The NAWBO Institute, a 501(c)3 non-profit educational foundation.

==History==
NAWBO began as a small group of Washington, D.C. businesswomen who started meeting in 1974. They incorporated as NAWBO on December 19, 1974, recruited their first members in 1976, and formed their first national chapters in 1978. Today it is a dues-based national organization representing the interests of women entrepreneurs across all industries.

- Helping pass legislation like H.R. 5050, which granted women business owners the right to obtain business credit in their own name and led to the creation of the Women’s Business Centers and National Women’s Business Council.

==International==
NAWBO serves as the United States representative in Les Femmes Chefs d'Entreprises Mondiales (FCEM), the World Association of Women Entrepreneurs, which has chapters in dozens of countries representing almost 30,000 businesses.

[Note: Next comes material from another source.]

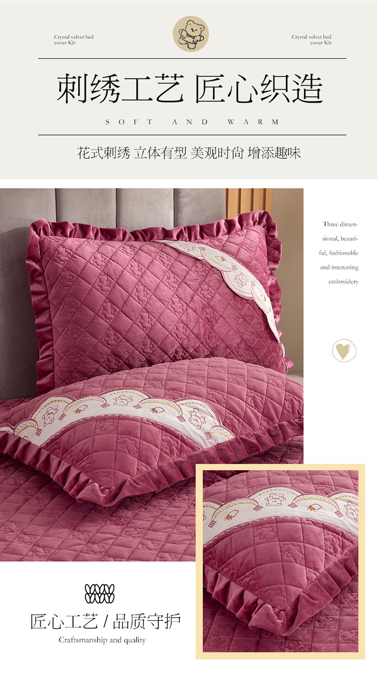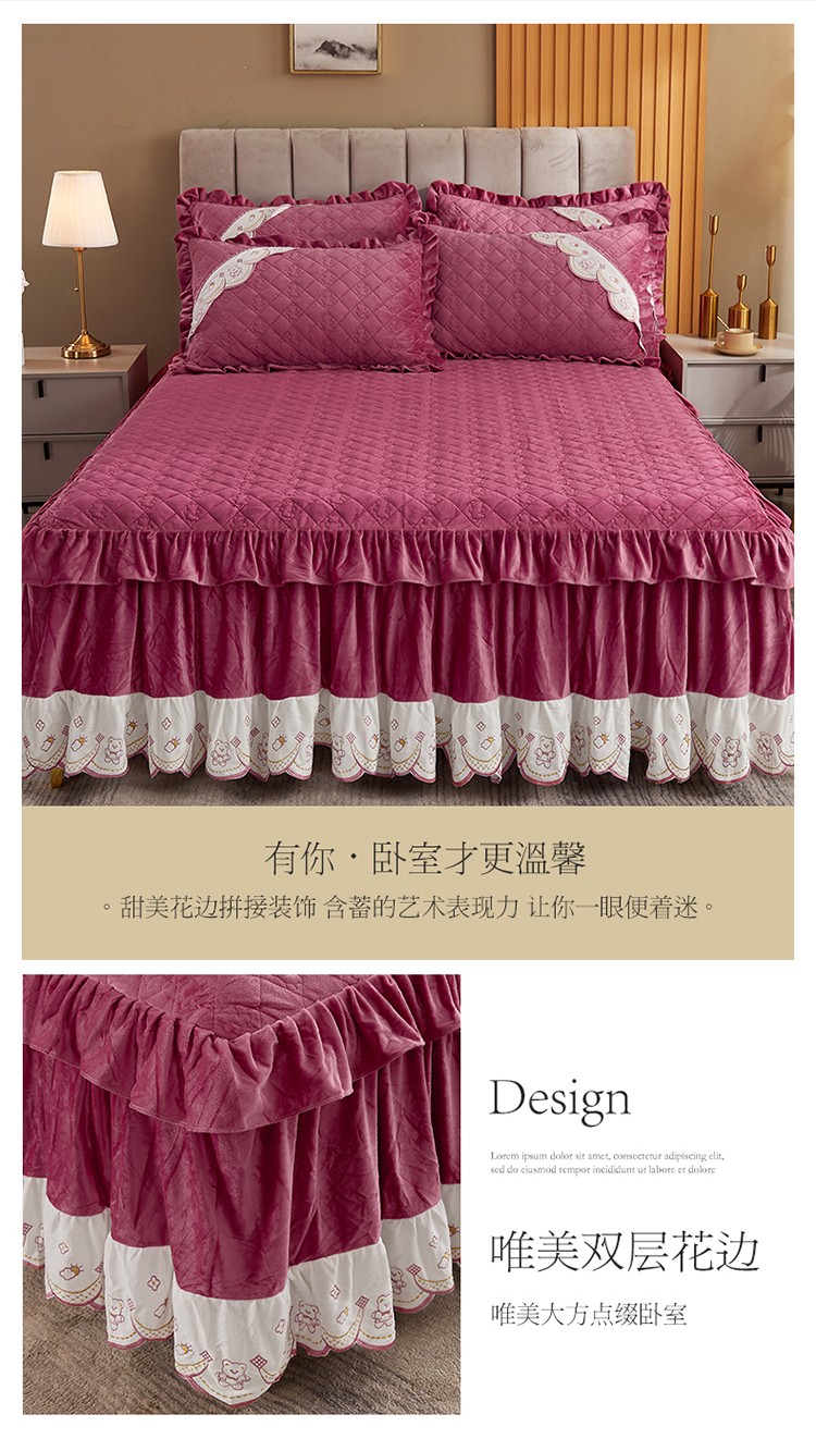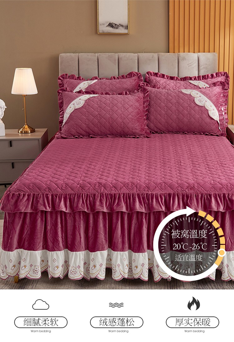 宜凡家纺 2021新款水晶绒夹棉绗缝床裙三件套快乐小熊深豆沙

NAWBO is also affiliated with the National Foundation for Women Business Owners (NFWBO), a nonprofit research and leadership development foundation established by NAWBO that gathers information about women-owned businesses and makes it available to organizations around the globe. Additionally, NAWBO is affiliated with the Women Business Owners Corporation (WBOC), which helps small women-owned businesses compete for government contracts and meet professional certification and training needs.

== Awards ==
NAWBO's annual Woman Business Owner of the Year Award recognizes a NAWBO entrepreneur who excels at strategy, operations, finances, problem solving, innovating, overcoming adversity and giving back to her community. This honor is not based on the size of business, but rather on overall business and community excellence.

The Susan Hager Award recognizes a “champion” NAWBO member who has demonstrated an ongoing commitment to propelling women’s economic empowerment and NAWBO’s mission locally and nationally.

The Gillian Rudd Award honors a NAWBO woman business owner who has made a significant contribution to the status and visibility of women-owned firms.